Trees are great when you need fast insertion, deletion and retrieval.
It’s ideal in cases where data is entering / leaving constantly in different positions.
Search tree is a family of data structure and there are tons of trees. You should check which tree is the best for your scenario.
The SortedList<TKey, TValue> generic class is a binary search tree. It's similar to the SortedDictionary<TKey, TValue> generic class. The two classes have similar object models, and both have O(log n) retrieval. The two classes differ in memory use and speed of insertion and removal.
SortedList<TKey, TValue> uses less memory than SortedDictionary<TKey, TValue>.
SortedList<TKey,TValue> supports efficient indexed retrieval of keys and values through the collections returned by the Keys and Values properties.
SortedDictionary<TKey, TValue> has faster insertion and removal operations for unsorted data, O(log n) as opposed to O(n) for SortedList<TKey, TValue>.

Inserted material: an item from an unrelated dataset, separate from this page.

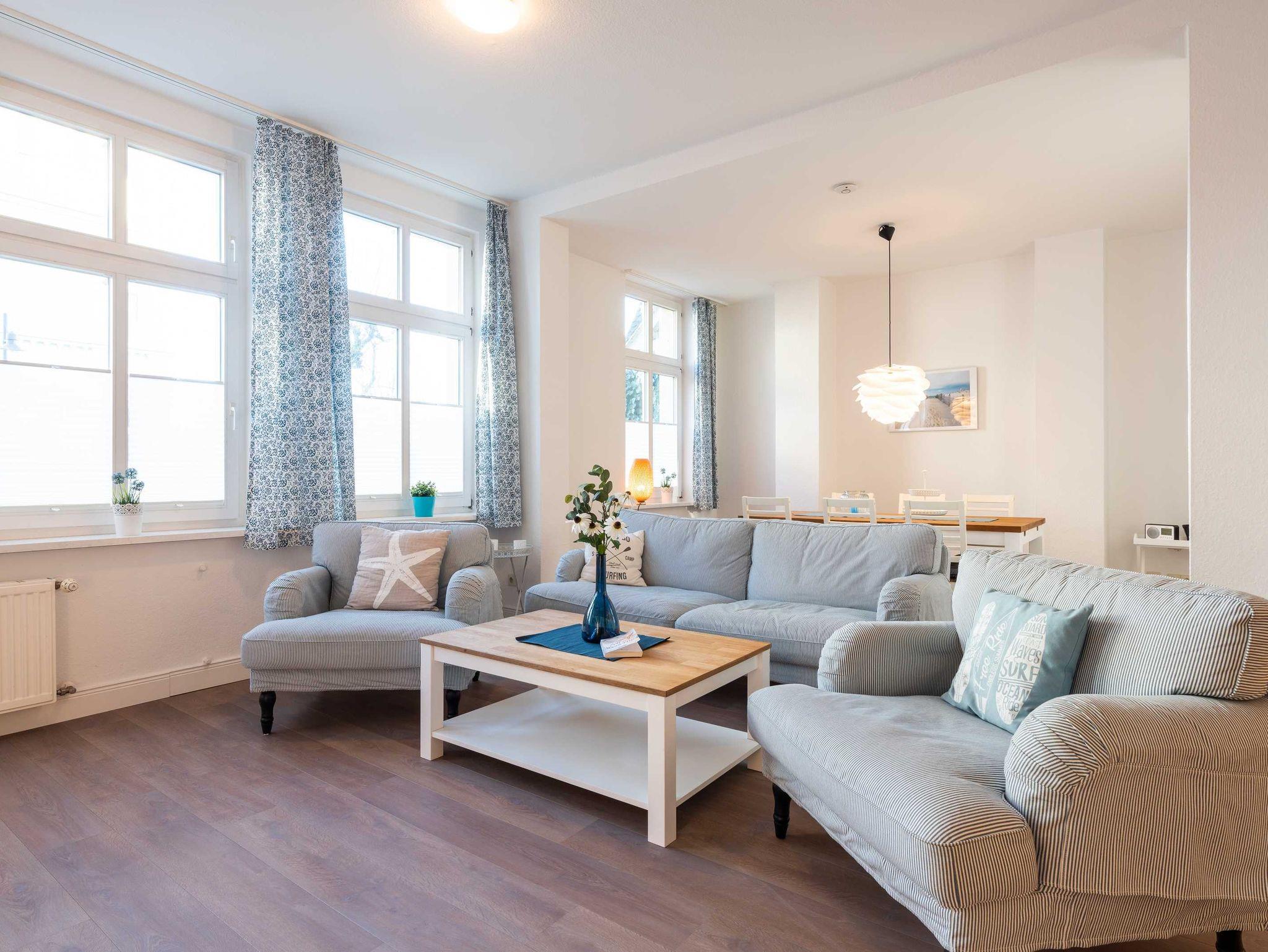 Das 85 qm große Appartement Seestern verfügt über geräumiges Wohnzimmer mitgemütlicher Wohnlandschaft und einen großen Essplatz. Die offene Küche ist komplett mit Spülmaschine, Mikrowelle, Herd und Backofen ausgestattet und lässt keine Wünsche offen, um eine tolle Mahlzeit zuzubereiten.

If the list is populated all at once from sorted data, SortedList<TKey, TValue> is faster than SortedDictionary<TKey, TValue>.

Putting It All Together

We shouldn’t be using a data structure just because it’s capable of handling the job. It’s important to consider the scenario and the operations that will be performed. The understanding of how things works under the hood helps us make the judgement of which data structure will perform better and ensure application’s performance. It will also improve code quality and readability.